1. Registration method:

(1) Individual shareholders must hold the original and copy of their id card and shareholder account card; if the agent is entrusted, they must hold the original and copy of the ID cards of both parties, the power of attorney, and the shareholder account card of the principal to go through the registration procedures.

(2) If the legal representative personally handles the matter, the legal representative must hold the legal representative's certificate, the original and copy of his/her ID card, a copy of the business license of the legal person unit, and the shareholder's account card; if the agent entrusts the agent to handle it, he must hold the original and copy of the attendee's ID card, the copy of the legal representative's ID card and the power of attorney, the copy of the legal person's business license, and the principal's shareholder account card.

(3) Non-local shareholders may register by letter or fax.

(4) The above documents shall be submitted by 17:00 on October 28, 2021.

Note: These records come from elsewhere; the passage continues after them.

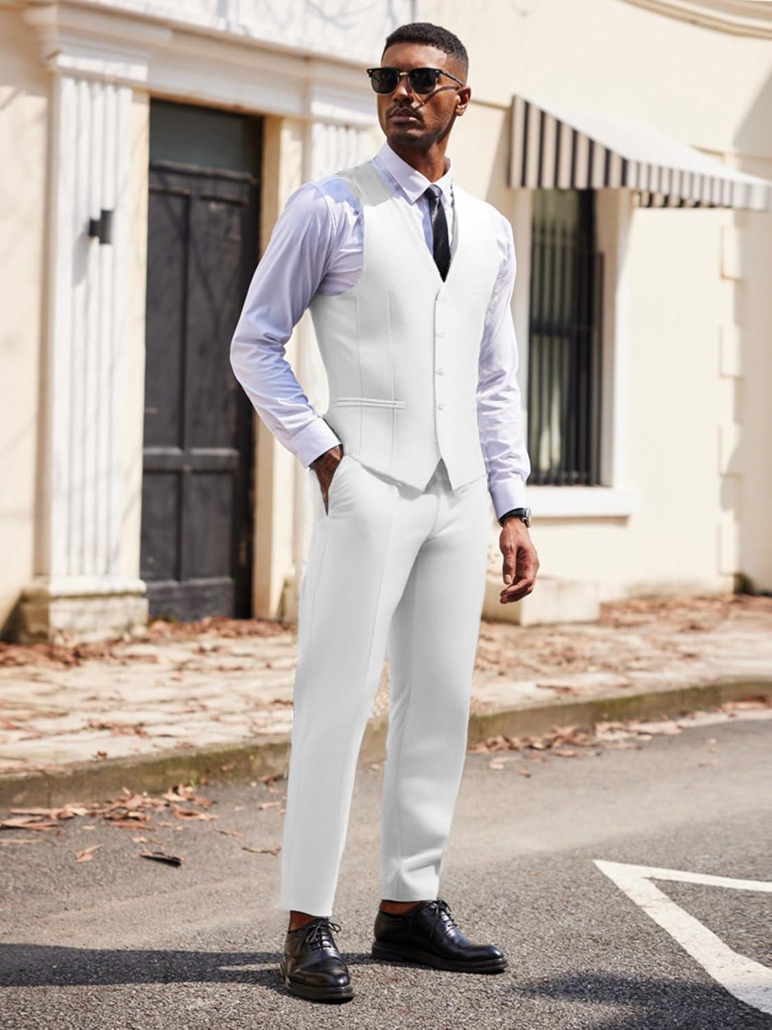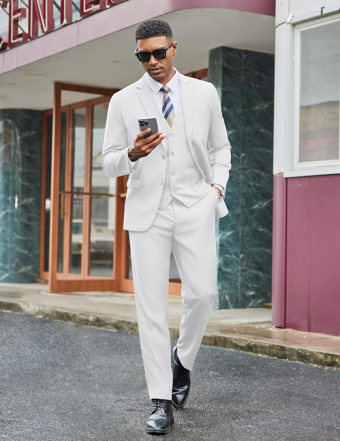 COOFANDY Men's 3 Pieces Suits Classic Fit 2 Buttons Dress Suit Set Wedding Business Dinner Prom Jacket Vest Pants(White)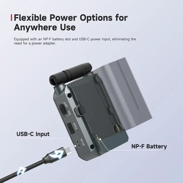 Flexible Power Options:Featuring an NP-F battery slot and USB-C power input, it eliminates the need for power adapters,offering flexible,on-the-go power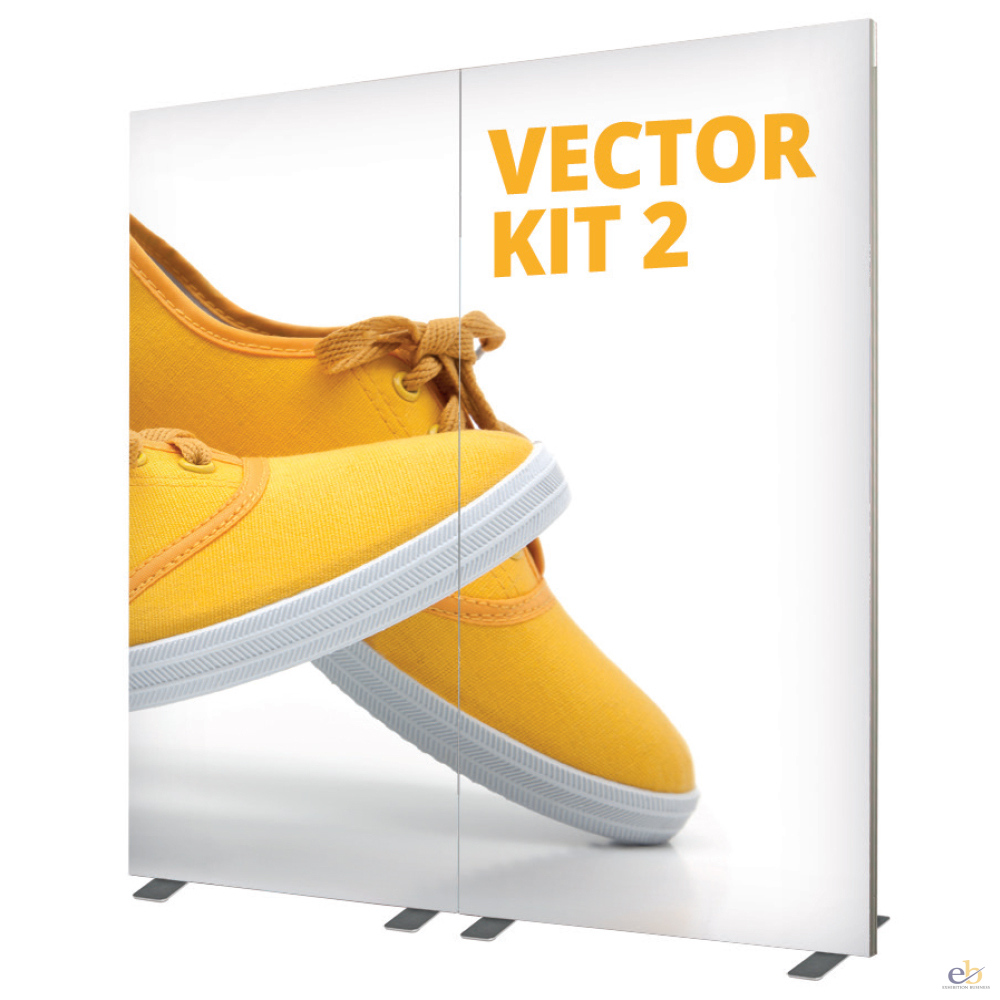Vector is a lightweight, double-sided aluminium modular system designed to create a wide variety of frameless and seamless displays that create impact for all types of permanent or quick-change applications. Use either lightweight fabric or rigid substrates for seamless graphics; which can be applied and replaced in-situ after the kit is assembled.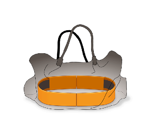 「カバンの骨piu」は、横方向の支え(バッグの下側面を囲う形)とマチ部分の支え(別名:たてボーン)で構成されている。本体をそのままカバンの中に入れ、型に合わせることでカバンが矯正され、くたびれることなく自立する。
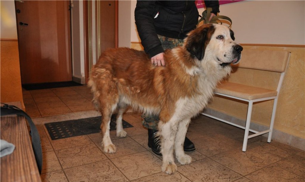 Помесь с московской сторожевой – грациозная собака с мощными и сильными лапами, широкой грудью и густым подшерстком. Хвост у таких особей купируется. Уши треугольные, висящие. Внутренняя сторона лап, брюшко и грудка могут быть абсолютно белыми.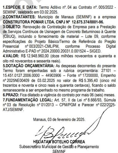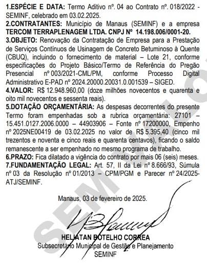 Além dessas contratações, a Secretaria Municipal de Infraestrutura (Seminf) já havia renovado, neste mês, acordos com as empresas Ardo Construtora, Iza Construções e Construtora Soma, que também acumulam valores expressivos na atual administração.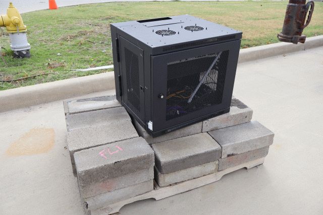 Pallet of concrete blocks and Cambium Network Switch with Cabinet - not working/has been exposed to elements; Location 1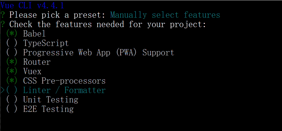 进入如下界面:可以默认自动创建,可以手动选择特性(示例中使用手动)
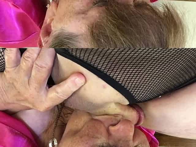 Close-up of a hot granny getting her fat pussy devoured by a man's tongue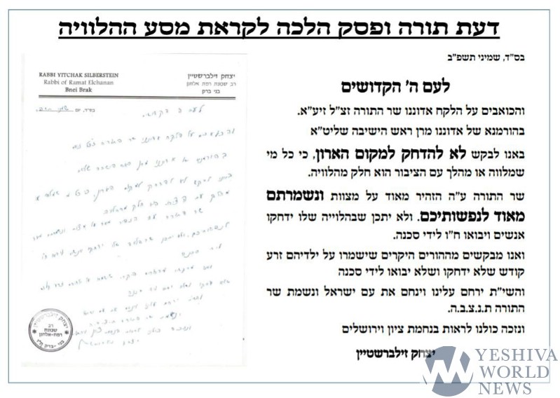 HaGaon HaRav Yitzchok Zilberstein is urging the attendees of Sunday’s levaya in Bnei Brak for sar hatorah HaRav Chaim Kanievsky zt”l to use extreme caution to ensure that nobody gets hurt.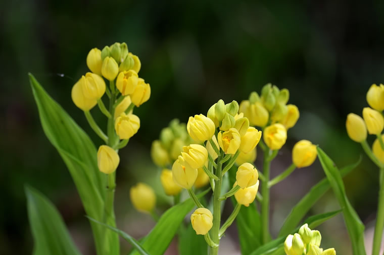 山や丘陵の林の中に生える地上性のランで、高さ30-70cmの茎の先端に4月から6月にかけて直径1cm程度の明るく鮮やかな黄色の花を総状につけますが、花は全開せず、半開き状態のままです。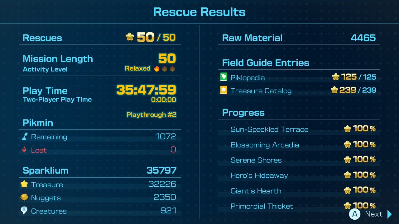 | Summary | The Rescue Results screen from Pikmin 4. |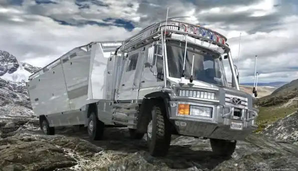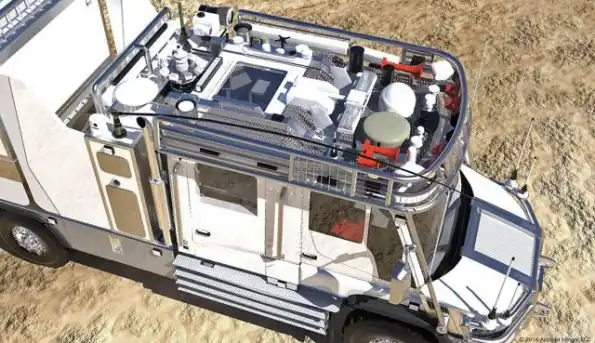 Автомобиль построен на основе Mercedes-Benz Unimog. Дизельный двигатель, 260 л.с.

3. Registration location: Investment Management Department, 4th Floor, Office Building, No. 555 Huanghe West Road, Xinbei District, Changzhou City, Jiangsu Province.

6. Other matters

1. Shareholders and shareholders' agents attending the meeting shall pay for transportation, food and lodging expenses.

2. Contact address: Investment Management Department, 4th Floor, Office Building, No. 555 Huanghe West Road, Xinbei District, Changzhou City, Jiangsu Province.

3. Contact: Chen Xueqian

4. Tel: 0519-85122303

5. Fax: 0519-85173950-2303

Annex 1: Power of Attorney

Filing documents

Resolution of the Board of Directors proposing to convene the General Meeting of Shareholders

Power of Attorney

Jiangsu Xinquan Auto Trim Co., Ltd.:

Mr. (Ms.) is hereby entrusted to represent the Unit (or himself) to attend the first Extraordinary General Meeting of Shareholders of your Company in 2021 held on October 29, 2021 and to exercise the right to vote on his behalf.

Number of ordinary shares held by the principal:

Number of Preferred Shares Held by the Principal:

Principal Shareholder Account Number:

Principal Signature (Seal): Trustee Signature:

Principal ID Number: Trustee ID Number:

Commission Date: Year Month Day

remark:

The settlor shall choose one of the "agree", "oppose" or "abstain" intentions in the power of attorney and play "√", and the trustee shall have the right to vote according to his own wishes if the principal does not give specific instructions in this power of attorney.